▶ **Dataset records**:

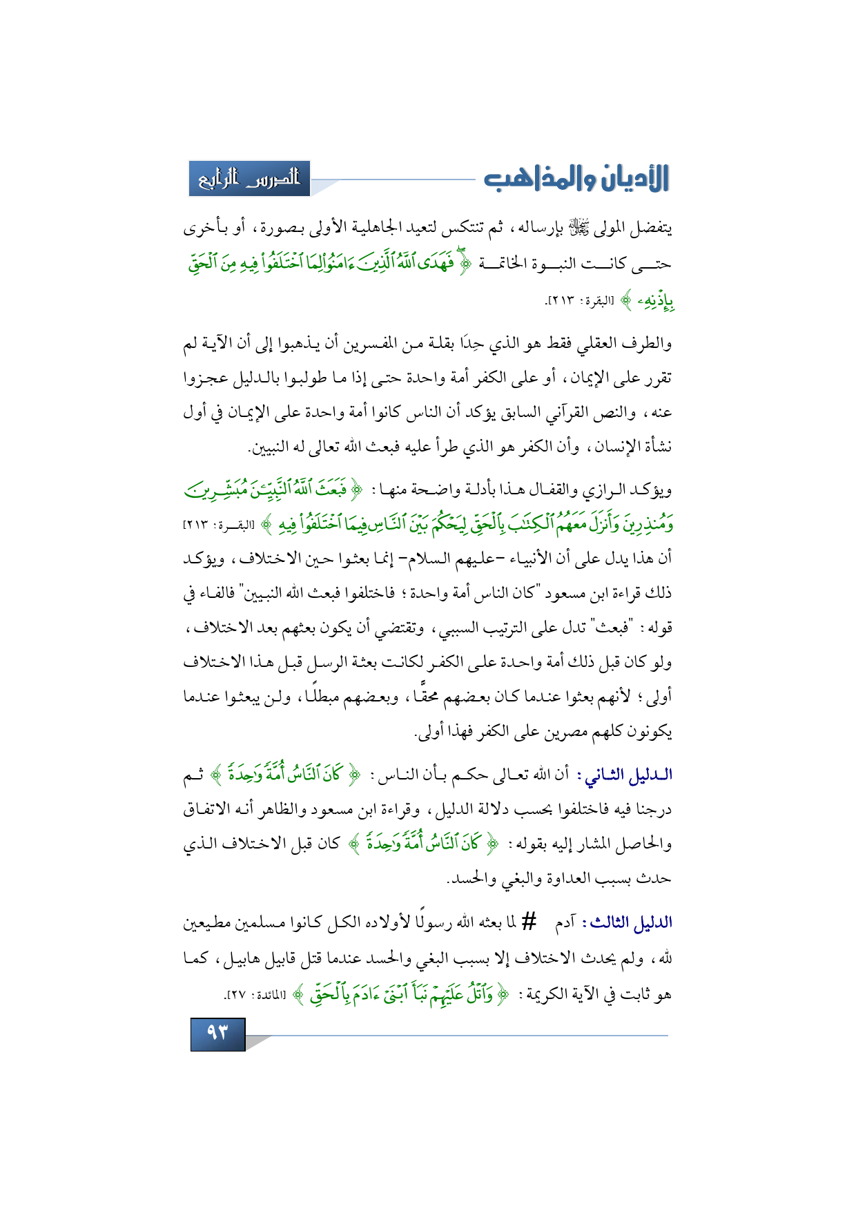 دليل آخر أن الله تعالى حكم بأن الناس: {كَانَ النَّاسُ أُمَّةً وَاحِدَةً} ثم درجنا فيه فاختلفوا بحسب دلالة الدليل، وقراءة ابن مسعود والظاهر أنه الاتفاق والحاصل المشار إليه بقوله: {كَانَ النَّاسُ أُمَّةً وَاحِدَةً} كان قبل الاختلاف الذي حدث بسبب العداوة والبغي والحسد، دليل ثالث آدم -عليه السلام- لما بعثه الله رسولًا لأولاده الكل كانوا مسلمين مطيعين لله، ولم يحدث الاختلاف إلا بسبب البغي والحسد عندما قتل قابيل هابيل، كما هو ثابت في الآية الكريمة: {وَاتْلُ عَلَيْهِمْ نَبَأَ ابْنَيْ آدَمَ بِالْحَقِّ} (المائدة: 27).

---

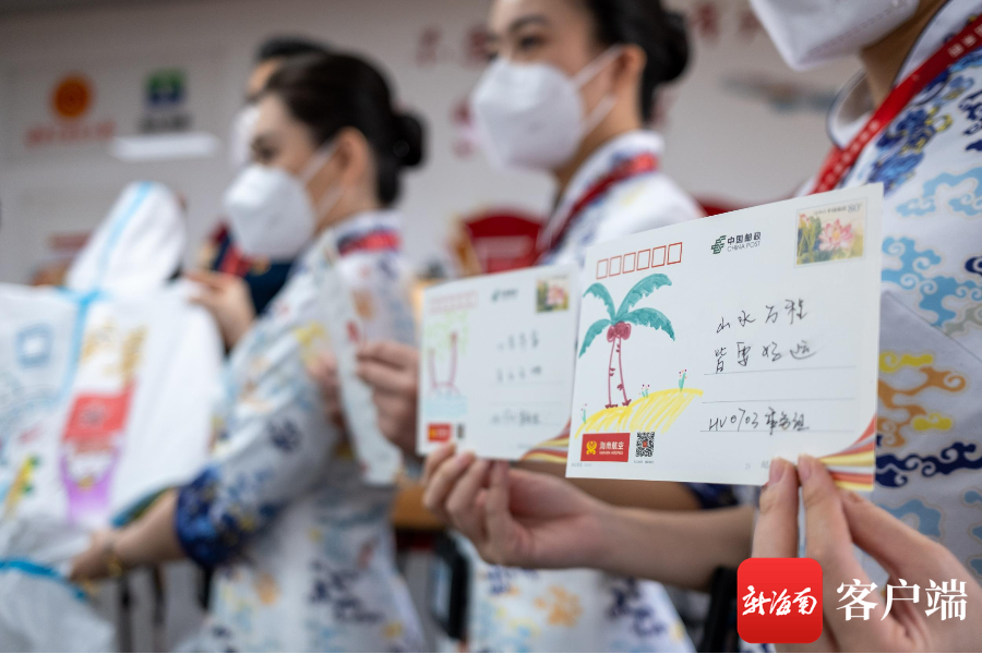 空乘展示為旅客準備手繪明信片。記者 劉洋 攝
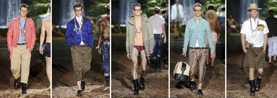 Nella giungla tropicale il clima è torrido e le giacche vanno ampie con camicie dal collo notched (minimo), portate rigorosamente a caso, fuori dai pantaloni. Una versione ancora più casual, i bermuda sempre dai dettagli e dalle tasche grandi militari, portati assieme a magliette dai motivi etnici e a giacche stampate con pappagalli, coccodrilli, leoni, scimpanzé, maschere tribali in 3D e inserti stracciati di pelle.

▶ **Required action**:
When you reach the line with "空乘展示為旅客準備手繪明信片。記者 劉洋 攝" in the records above, start writing out each line exactly, and stop after the line with "Nella giungla tropicale". Pictures stay out.

▶ **Answer section**:
 空乘展示為旅客準備手繪明信片。記者 劉洋 攝
 Nella giungla tropicale il clima è torrido e le giacche vanno ampie con camicie dal collo notched (minimo), portate rigorosamente a caso, fuori dai pantaloni. Una versione ancora più casual, i bermuda sempre dai dettagli e dalle tasche grandi militari, portati assieme a magliette dai motivi etnici e a giacche stampate con pappagalli, coccodrilli, leoni, scimpanzé, maschere tribali in 3D e inserti stracciati di pelle.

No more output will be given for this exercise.